Without the pictures, set down everything in the listing exactly.

| Data |
[Start of Attachment]

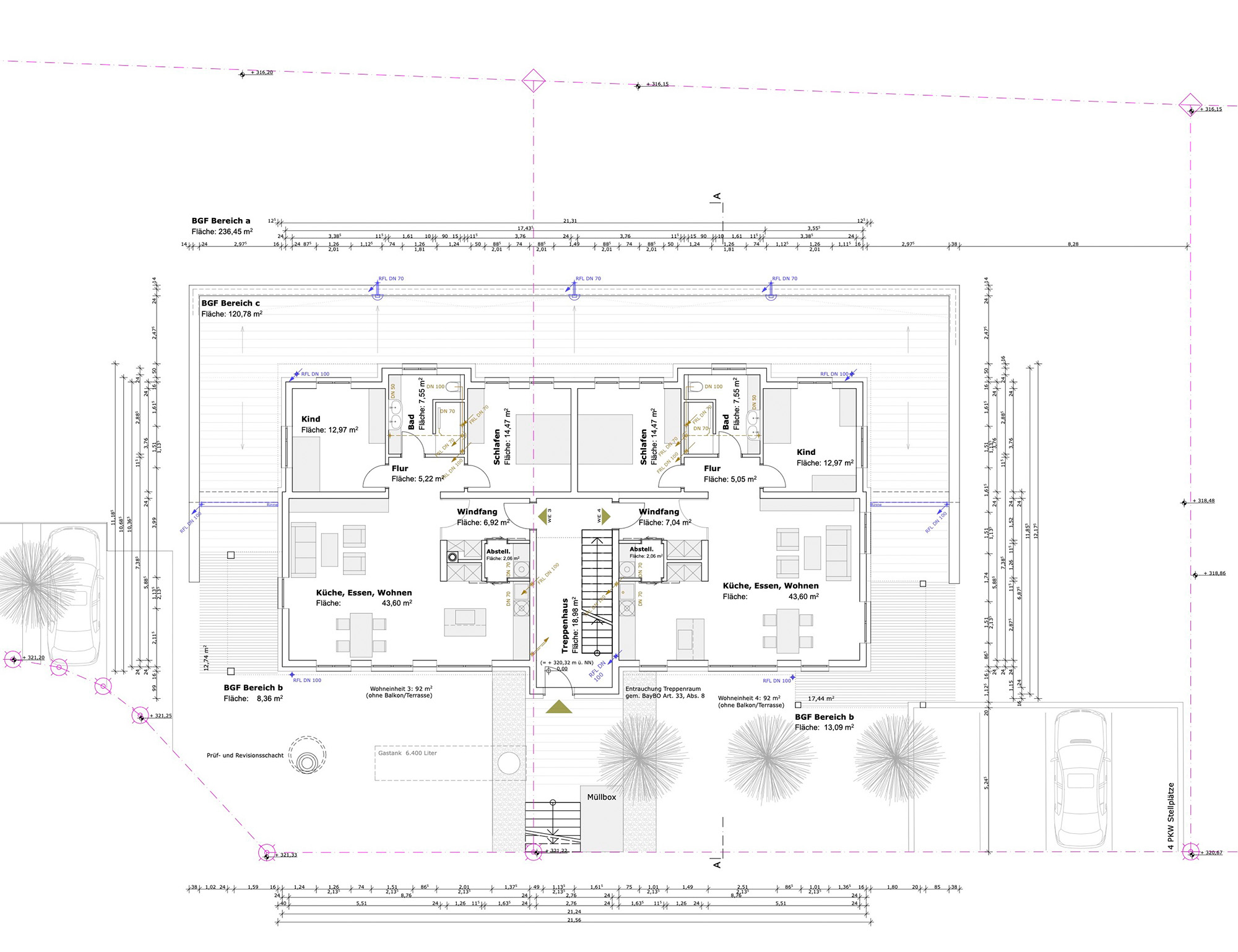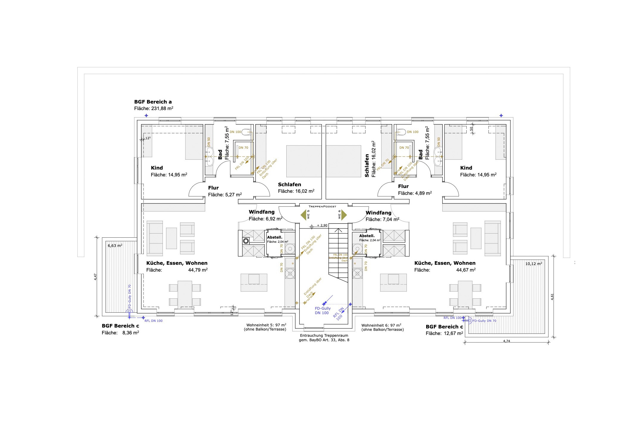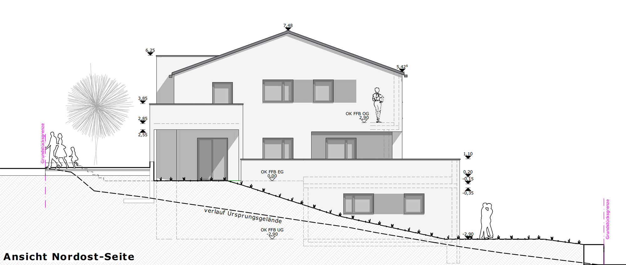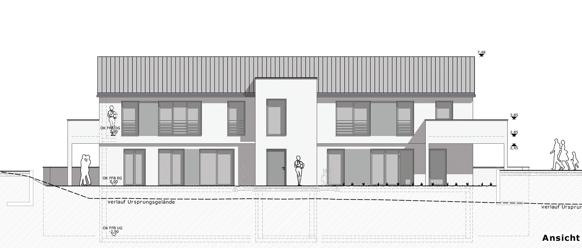 Neubau eines Mehrfamilienwohnhaus in Massivbauweise mit 6 Wohneinheiten. Die nicht unerhebliche Hangsituation ermöglichte die Nutzung des Untergeschosses als vollwertiges nutzbares Geschoss mit zwei Wohnungen. Die Wohnungsgrundrisse wurden mit offenen Küchen-, Essen- und Wohnbereichen gestaltet.
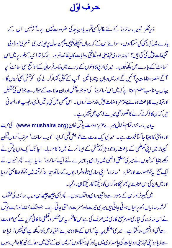 yeh web-site mere a'zeez dost Younus Khan (www.mushaira.org) kee muHabbat aur dost-nawaazee kaa jeetaa jaagtaa cuboot hai. unhoN ne meree laa-i'lmee meN baalaa hee baalaa yeh KhoobSoorat site apnee tamaam jalwah-t^araaziyoN ke saath` sajaa aur banaa kar ek din mujh` ko tuHfeh meN a't^aa kar diyaa aur maiN masarrat aur Hairat se dekh`taa kaa dekh`taa reh gayaa! maiN computer ke rumooz se Khaal-Khaal hee waaqif hooN likin jaise jaise is site kee muKhtalif karishmah-saaziyaaN mujh` par a'yaaN hotee jaatee haiN meree Hairat meN iZ^aafah hotaa jaataa hai aur Younus kee meHnat aur muHabbat kaa iHtiraam mere dil meN baRhtaa hee chalaa jaataa hai. maiN is teHreer se un kaa shukriyah adaa karnaa apnaa ek nihaayat Khush-gawaar farZ^ samajh`taa hooN aur un ke Haq meN dua'a-e-Khair kaa t^aalib hooN!
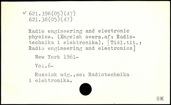 Radio engineering and electronic physics. (Engelsk overs.af: Radio-technika i elektronika). [Tial.tit.: Radio engineering and electronics]
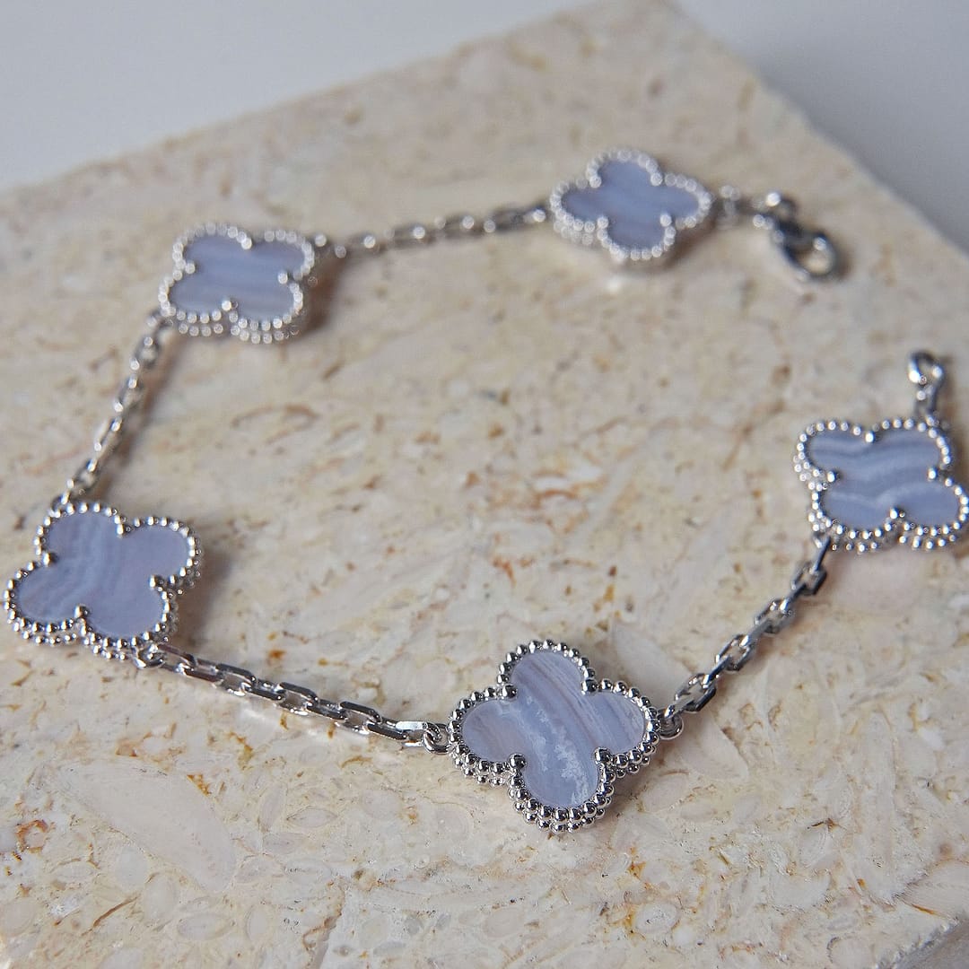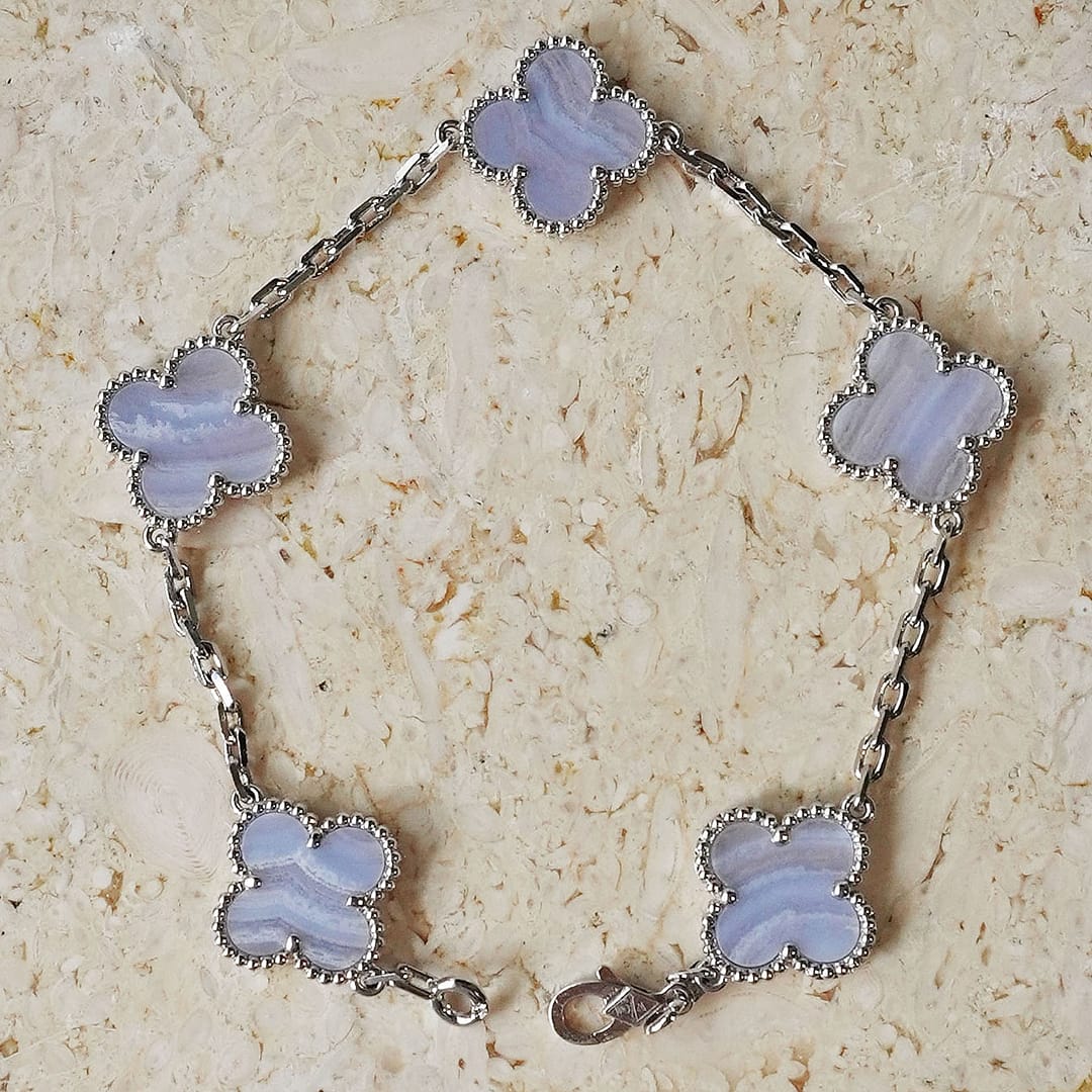 Our Blue lace agate bracelet is crafted with platinum which is more expensive than gold and designed for those who appreciate high-quality craftsmanship. These stunning earrings feature intricate details that showcase the artistry of VCA, while the genuine chalcedony offers not only elegance but also powerful protective properties. Perfect for sensitive skin, our hypoallergenic design ensures comfort without compromising style.

[End of Attachment]

| Finished task |
 Neubau eines Mehrfamilienwohnhaus in Massivbauweise mit 6 Wohneinheiten. Die nicht unerhebliche Hangsituation ermöglichte die Nutzung des Untergeschosses als vollwertiges nutzbares Geschoss mit zwei Wohnungen. Die Wohnungsgrundrisse wurden mit offenen Küchen-, Essen- und Wohnbereichen gestaltet.
 yeh web-site mere a'zeez dost Younus Khan (www.mushaira.org) kee muHabbat aur dost-nawaazee kaa jeetaa jaagtaa cuboot hai. unhoN ne meree laa-i'lmee meN baalaa hee baalaa yeh KhoobSoorat site apnee tamaam jalwah-t^araaziyoN ke saath` sajaa aur banaa kar ek din mujh` ko tuHfeh meN a't^aa kar diyaa aur maiN masarrat aur Hairat se dekh`taa kaa dekh`taa reh gayaa! maiN computer ke rumooz se Khaal-Khaal hee waaqif hooN likin jaise jaise is site kee muKhtalif karishmah-saaziyaaN mujh` par a'yaaN hotee jaatee haiN meree Hairat meN iZ^aafah hotaa jaataa hai aur Younus kee meHnat aur muHabbat kaa iHtiraam mere dil meN baRhtaa hee chalaa jaataa hai. maiN is teHreer se un kaa shukriyah adaa karnaa apnaa ek nihaayat Khush-gawaar farZ^ samajh`taa hooN aur un ke Haq meN dua'a-e-Khair kaa t^aalib hooN!
 Radio engineering and electronic physics. (Engelsk overs.af: Radio-technika i elektronika). [Tial.tit.: Radio engineering and electronics]
 Our Blue lace agate bracelet is crafted with platinum which is more expensive than gold and designed for those who appreciate high-quality craftsmanship. These stunning earrings feature intricate details that showcase the artistry of VCA, while the genuine chalcedony offers not only elegance but also powerful protective properties. Perfect for sensitive skin, our hypoallergenic design ensures comfort without compromising style.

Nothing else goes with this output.